Top of Input data
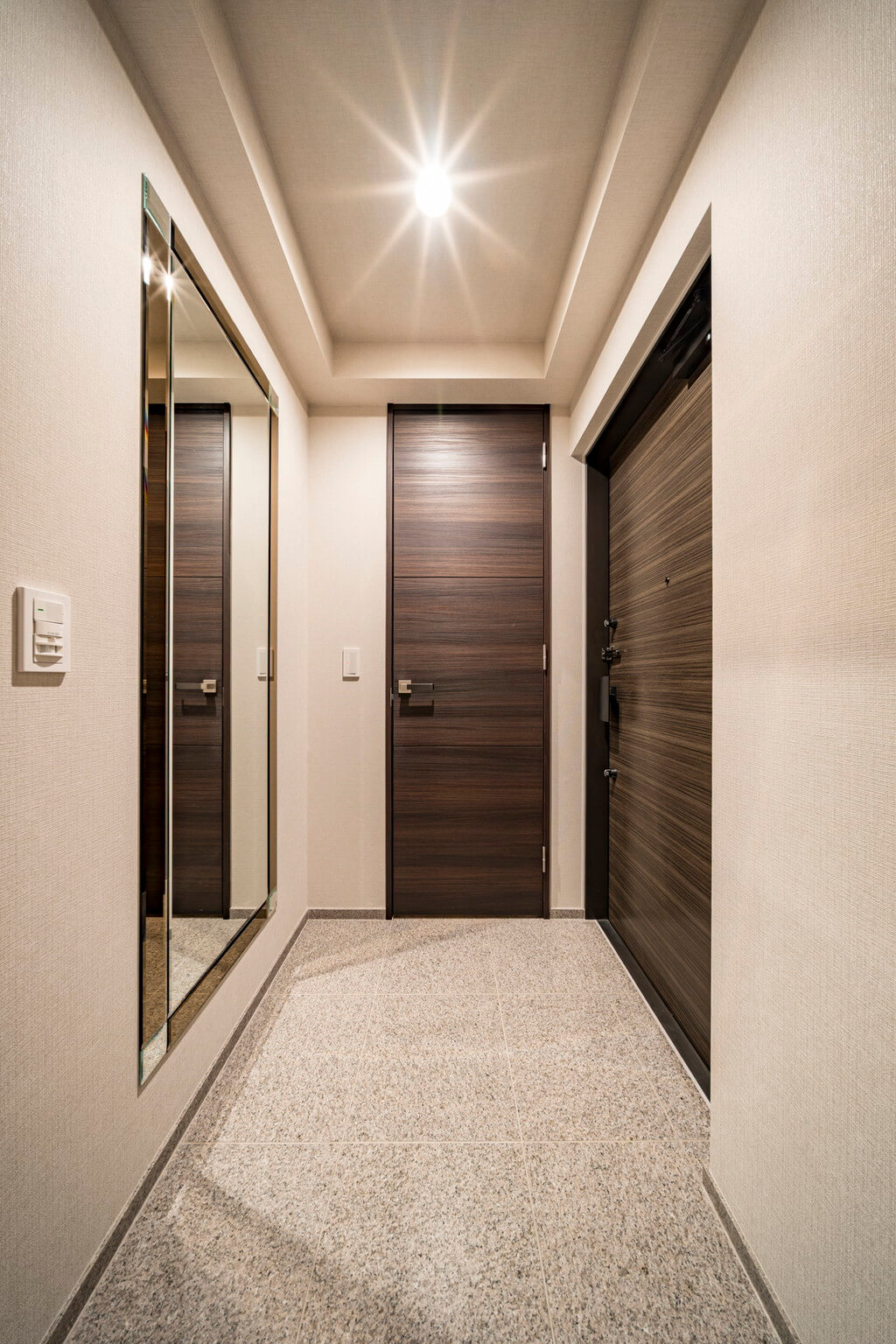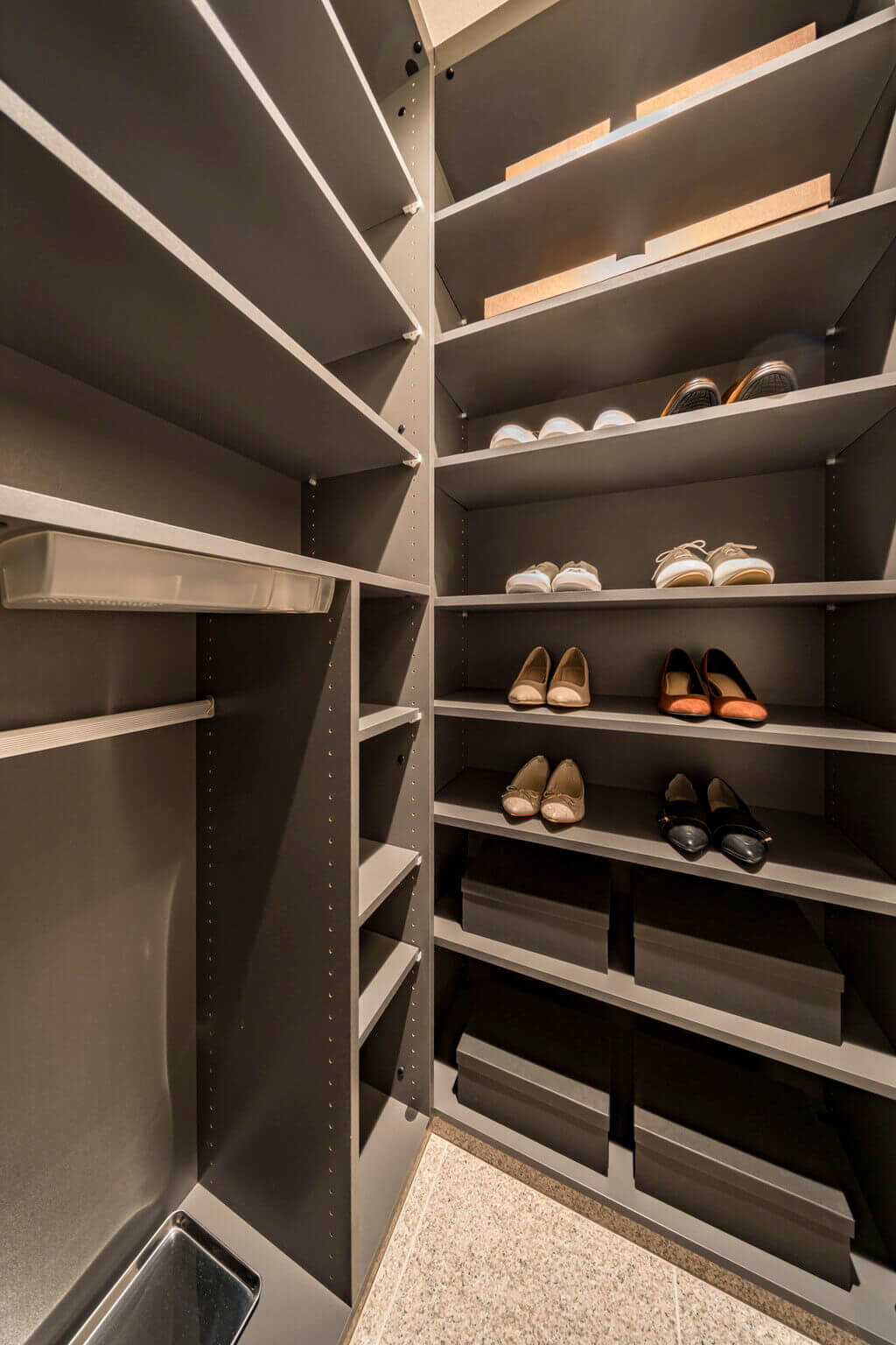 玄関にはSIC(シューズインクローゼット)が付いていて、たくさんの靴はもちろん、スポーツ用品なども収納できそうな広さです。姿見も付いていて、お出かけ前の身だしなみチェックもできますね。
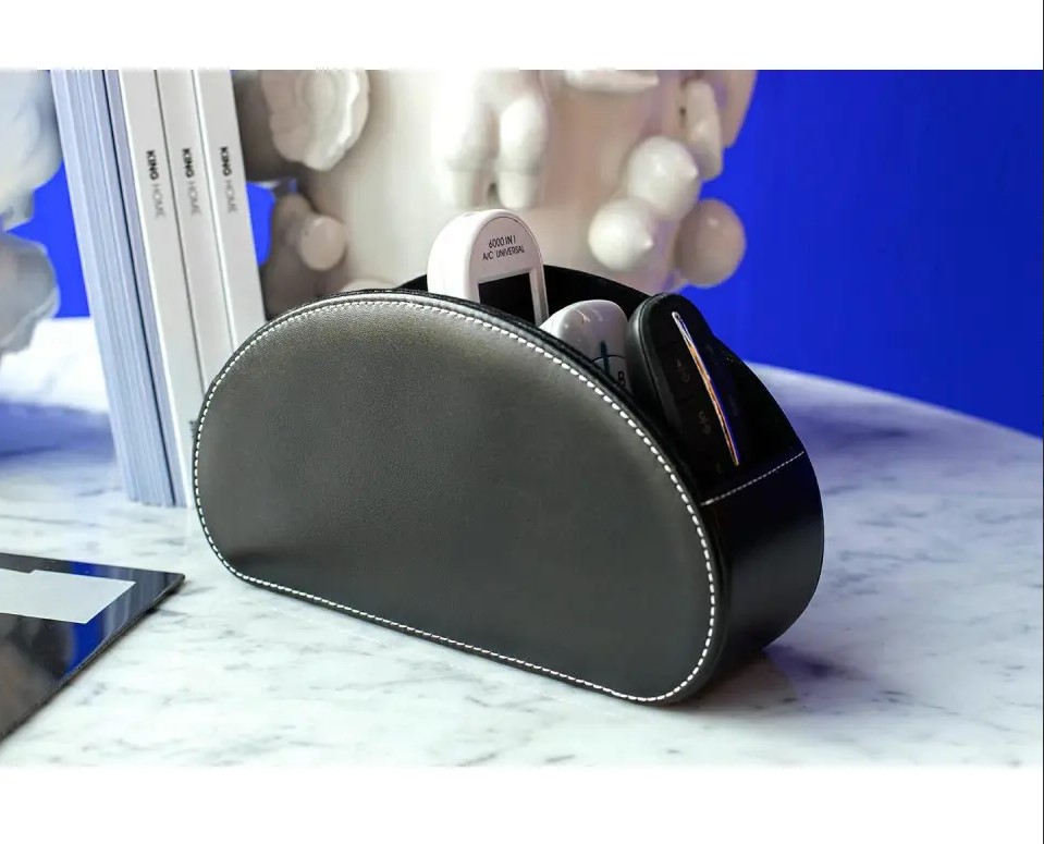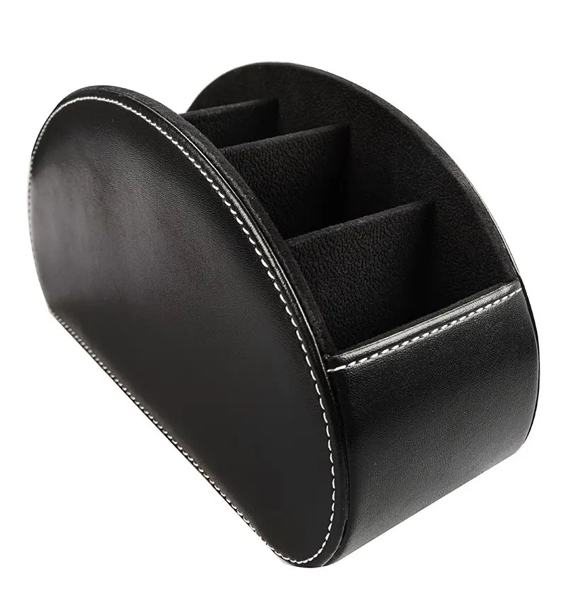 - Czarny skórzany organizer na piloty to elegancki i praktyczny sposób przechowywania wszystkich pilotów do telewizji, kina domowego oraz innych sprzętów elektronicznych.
Bottom of Input data
Top of Input data
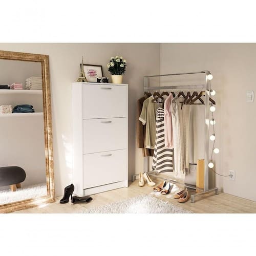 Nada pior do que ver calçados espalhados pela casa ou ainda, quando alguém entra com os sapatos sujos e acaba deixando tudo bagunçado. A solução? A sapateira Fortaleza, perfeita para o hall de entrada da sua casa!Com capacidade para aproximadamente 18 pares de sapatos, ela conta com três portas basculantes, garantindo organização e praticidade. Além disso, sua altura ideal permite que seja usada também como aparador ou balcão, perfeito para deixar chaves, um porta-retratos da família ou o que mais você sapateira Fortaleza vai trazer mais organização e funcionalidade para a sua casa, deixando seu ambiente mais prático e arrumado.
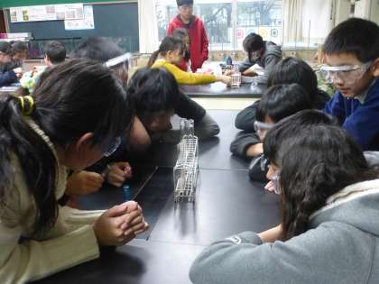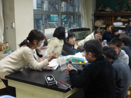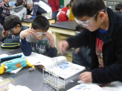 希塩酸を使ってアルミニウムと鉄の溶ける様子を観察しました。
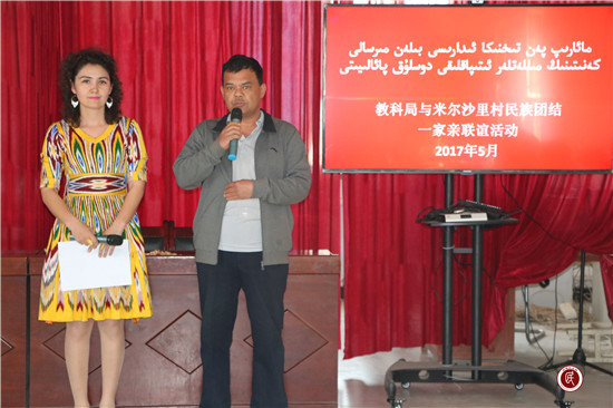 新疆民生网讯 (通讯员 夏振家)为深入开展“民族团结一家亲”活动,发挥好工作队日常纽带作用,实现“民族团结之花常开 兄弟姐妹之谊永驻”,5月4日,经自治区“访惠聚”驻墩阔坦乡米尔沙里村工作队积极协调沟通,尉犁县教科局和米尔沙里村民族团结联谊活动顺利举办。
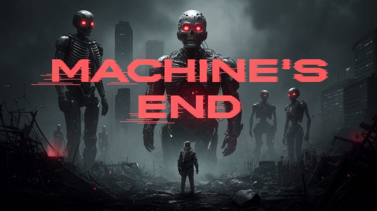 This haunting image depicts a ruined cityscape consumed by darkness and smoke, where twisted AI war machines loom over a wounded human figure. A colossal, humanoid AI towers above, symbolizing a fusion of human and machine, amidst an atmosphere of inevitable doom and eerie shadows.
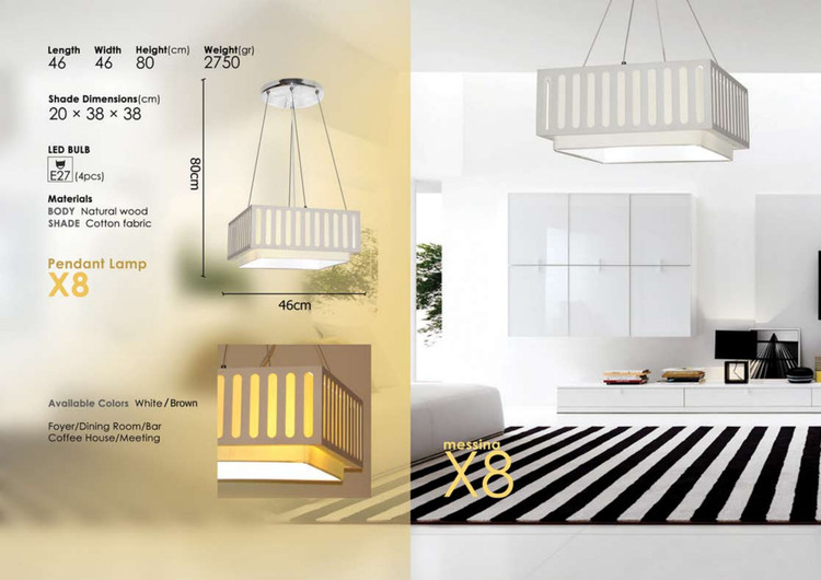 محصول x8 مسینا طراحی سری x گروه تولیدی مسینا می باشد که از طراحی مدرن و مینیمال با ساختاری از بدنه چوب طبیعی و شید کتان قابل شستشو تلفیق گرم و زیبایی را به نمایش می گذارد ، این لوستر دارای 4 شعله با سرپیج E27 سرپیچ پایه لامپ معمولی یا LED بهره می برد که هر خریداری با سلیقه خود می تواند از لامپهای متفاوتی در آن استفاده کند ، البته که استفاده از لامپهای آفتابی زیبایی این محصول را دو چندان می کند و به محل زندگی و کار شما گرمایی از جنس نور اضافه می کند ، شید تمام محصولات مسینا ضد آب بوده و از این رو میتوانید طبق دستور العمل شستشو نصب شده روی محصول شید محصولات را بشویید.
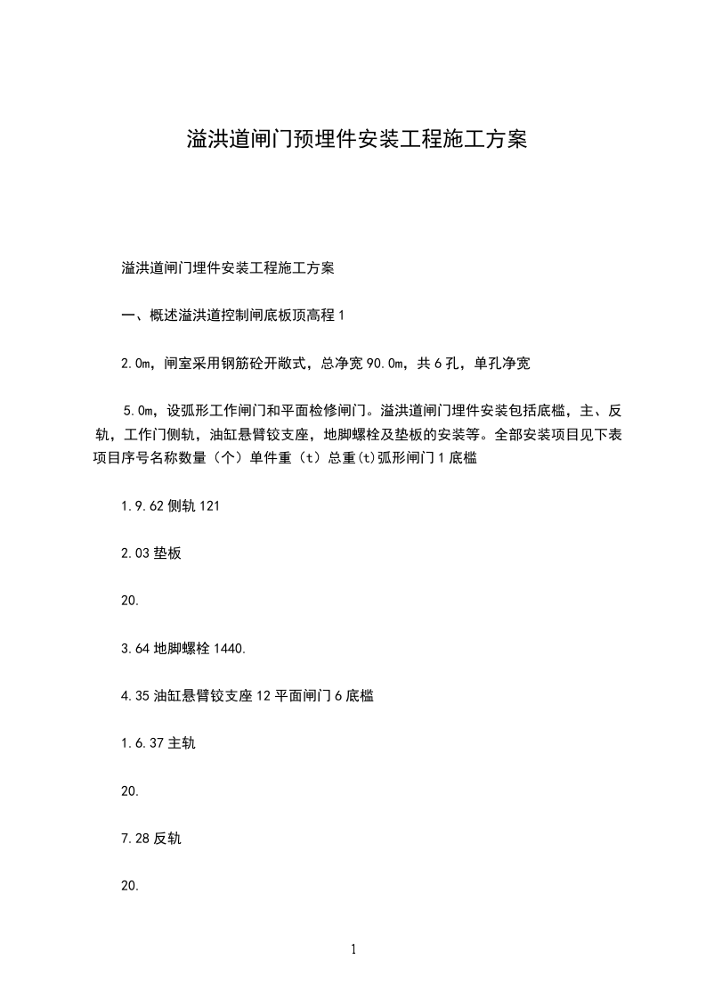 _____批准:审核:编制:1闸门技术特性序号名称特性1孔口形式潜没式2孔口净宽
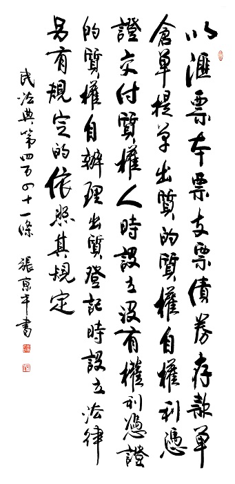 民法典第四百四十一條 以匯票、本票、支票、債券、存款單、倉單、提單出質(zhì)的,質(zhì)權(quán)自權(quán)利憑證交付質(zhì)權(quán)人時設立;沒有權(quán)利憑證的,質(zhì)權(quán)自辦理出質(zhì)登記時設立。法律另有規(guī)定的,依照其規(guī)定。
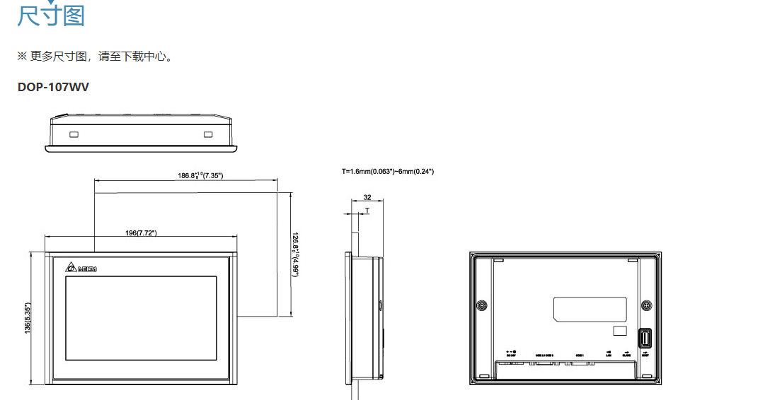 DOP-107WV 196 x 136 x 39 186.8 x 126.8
Bottom of Input data
# What to work on
Print exactly the lines above that run from the one with "玄関にはSIC(シューズイン" to the one with "- Czarny skórzany", both included. No pictures.

# Your solution
 玄関にはSIC(シューズインクローゼット)が付いていて、たくさんの靴はもちろん、スポーツ用品なども収納できそうな広さです。姿見も付いていて、お出かけ前の身だしなみチェックもできますね。
 - Czarny skórzany organizer na piloty to elegancki i praktyczny sposób przechowywania wszystkich pilotów do telewizji, kina domowego oraz innych sprzętów elektronicznych.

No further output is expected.